SOLUTION 15: Compute the area of the region enclosed by the graphs of the equations $y=\sin x$ and $y=\sin 2x$ on the interval $[0, \pi]$. Begin by finding the points of intersection of the two graphs. From $y= \sin x$ and $y=\sin 2x$ we get that $$\sin x = \sin 2x \ \ \longrightarrow$$ $$\sin x - \sin 2x = 0 \ \ \longrightarrow$$ (Recall the double-angle trigonometry identity $\ \sin 2x = 2 \sin x \cos x$.) $$\sin x - 2 \sin x \cos x = 0 \ \ \longrightarrow$$ $$\sin x (1- 2 \cos x ) = 0 \ \ \longrightarrow$$ $$\sin x =0 \ \ or \ \ 1- 2 \cos x = 0 \ \ \longrightarrow$$ $$\sin x =0 \ \ or \ \ \cos x = \displaystyle\frac{1}{2} \ \ \longrightarrow$$ $$x = 0, x= \pi \ \ or \ \ x=\displaystyle\frac{\pi}{3}$$ Now see the given graph of the enclosed region.
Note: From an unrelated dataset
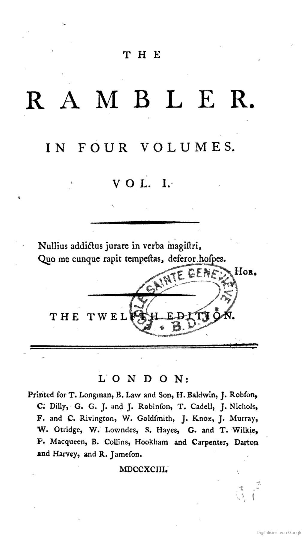 The lives of the most eminent English poets. With critical observations on their works.1781 BT: 5558 Standort: Breslau - Universitätsbibliothek Wrocław Signatur: 035490

Using vertical cross-sections to describe this region, which is made up of two smaller regions, we get that $$0 \le x \le \displaystyle\frac{\pi}{3} \ \ and \ \ \sin x \le y \le \sin 2x$$ in addition to $$\displaystyle\frac{\pi}{3} \le x \le \pi \ \ and \ \ \sin 2x \le y \le \sin x \ ,$$ so that the area of this region is $$AREA = \displaystyle{ \int_{0}^{\pi/3} (Top \ - \ Bottom) \ dx + \int_{\pi/3}^{\pi} (Top \ - \ Bottom) \ dx }$$ $$= \displaystyle { \int_{0}^{\pi/3} \Big( \sin 2x - \sin x \Big) \ dx + \int_{\pi/3}^{\pi} \Big( \sin x - \sin 2x \Big) \ dx }$$ $$= \displaystyle { \Big( - \frac{1}{2} \cos 2x - \Big( - \cos x \Big) \Big) \Big\vert_{0}^{\pi/3} + \Big( - \cos x - \Big( -\frac{1}{2} \cos 2x \Big) \Big) \Big\vert_{\pi/3}^{\pi} }$$ $$= \displaystyle { \Big( \Big( - \frac{1}{2} \cos \frac{2\pi}{3} + \cos \frac{\pi}{3} \Big) - \Big( - \frac{1}{2} \cos 0 + \cos 0 \Big) \Big) + \Big( \Big( - \cos \pi + \frac{1}{2} \cos 2\pi \Big) - \Big( - \cos \frac{\pi}{3} + \frac{1}{2} \cos \frac{\pi}{3} \Big) \Big) }$$ $$= \displaystyle { \Big( \Big( - \frac{1}{2} \Big( -\frac{1}{2} \Big) + \frac{1}{2} \Big) - \Big( - \frac{1}{2} \Big( 1 \Big) + 1 \Big) \Big) + \Big( \Big( - \Big( -1 \Big) + \frac{1}{2} \Big( 1 \Big) \Big) - \Big( - \frac{1}{2} + \frac{1}{2} \Big( \frac{1}{2} \Big) \Big) \Big) }$$ $$= \displaystyle { \Big( \frac{1}{4} + \frac{1}{2} + \frac{1}{2} - 1 \Big) + \Big( 1 + \frac{1}{2} + \frac{1}{2} - \frac{1}{4} \Big) }$$ $$= 2$$